Interestingly, the addition of 5 mg L−1 Fe2O3-450 resulted in a lipid enhancement from 18% (control) to 26.75% (% dw) whereas the addition of 20 mg L−1 Fe2O3-450 NPs resulted in a lipid decrement (15.7% dw) (Fig. 6d), which can be related to lipid oxidation resulting from an oxidative stress created by the formation of ROS mediated by the higher Fe2O3-450 NPs concentration. Indeed, from these results it can be said that Fe2O3-450 NPs created a stressful environment for Chlorella sp., however low doses (5 mg L−1) of Fe2O3-450 NPs were tolerable for Chlorella sp. and stimulated lipid production, while the addition of higher doses ( ≥ 10 mg L−1) did not have a significant change compared to the control. Even if the results recorded herein are contrary to the results reported by Bibi et al. [22], where lipid contents up to 39.7% were recorded, it is important to highlight that those high lipid contents were recorded after 30 days of culture time, whilst the time of cultivation herein was 9 days. Indeed, at short cultivation time it is possible to use Fe2O3 NPs as a technique to increase microalgae value, especially when carbonate is not supplemented. For instance, the addition of 20 mg L−1 of Fe2O3-450 NPs increased the carbohydrate content from 9.92 to 19.75% (% dw) while no significant enhancement was observed when 5 mg L−1 of Fe2O3-450 NPs were added. Nonetheless, 10 mg L−1 of Fe2O3-450 NPs was the optimal dose for carbohydrate production. Indeed, Fe2O3-450 NPs influenced Chlorella sp. metabolism, resulting in high carbohydrate content, which was mediated by a higher R value. Thereby, the recorded results suggest that Fe2O3-450 NPs induced CO2 transfer to culture media by the formation of carbonates that were taken by microalgae.
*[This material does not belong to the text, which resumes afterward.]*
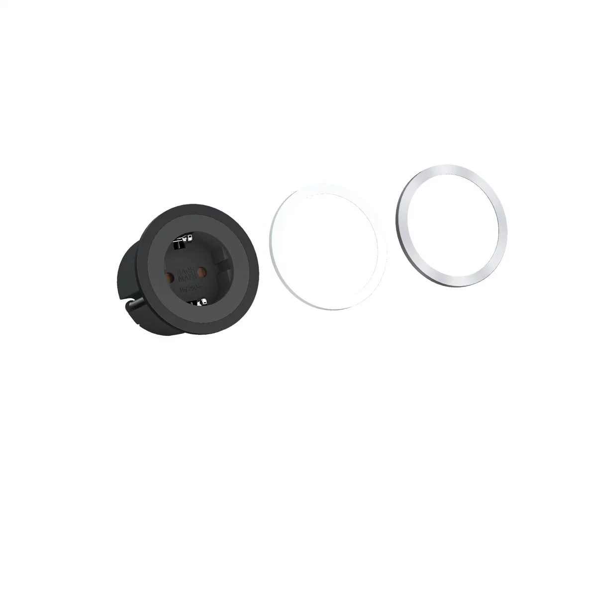 BACHMANN PIX 1xCEE7/3 Montagest. 3Zierringe, ws, sw, Edelst.,2m Kabel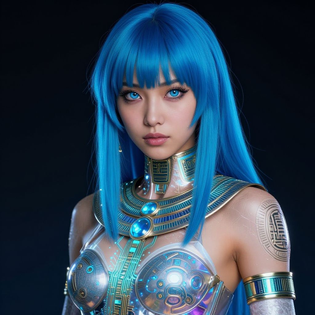 (high quality), (masterpiece), (detailed), 8K, Hyper-realistic digital illustration depicts (Japanese woman1.3) with (electric blue hair1.2) and (piercing blue eyes1.2), wearing (futuristic fantasy attire1.2) that combines (modern holographic accents1.2) with (ancient Egyptian hieroglyphic patterns1.2). Her (upper body1.2) is accentuated by (shimmering sapphire jewelry1.2) and (intricate, glowing circuitry1.2) that evoke a sense of technological mysticism. In style of Syd Mead, trending on Artstation.

However, more research is needed to confirm this theory. Nonetheless, it is important to highlight that Fe2O3-450 NPs at low doses can be used as a technique to support the production of high-value biomass in environments without carbonate supplementation.

Conclusions

The annealing temperature of the Fe2O3 nanoparticles influenced the crystal phase formation of the nanoparticles. Fe2O3-450 nanoparticles presented a higher concentration of the γ-phase than the Fe2O3-1000 nanoparticles. The crystal phase influenced differently Chlorella spp. growth, and the Fe2O3-1000 nanoparticles presented a higher toxicity in microalgae cultures. On the other hand, Fe2O3-450 nanoparticles influenced the growth and carbohydrate accumulation of Chlorella spp. at concentrations ≥ 10 mg L−1. The indirect beneficial effects of the synthetized nanoparticles were confirmed in microalgae cultures without carbonate supplementation. Indeed, Fe2O3-450 nanoparticles can be used as a strategy to produce high-value biomass in environments without carbonate supplementation.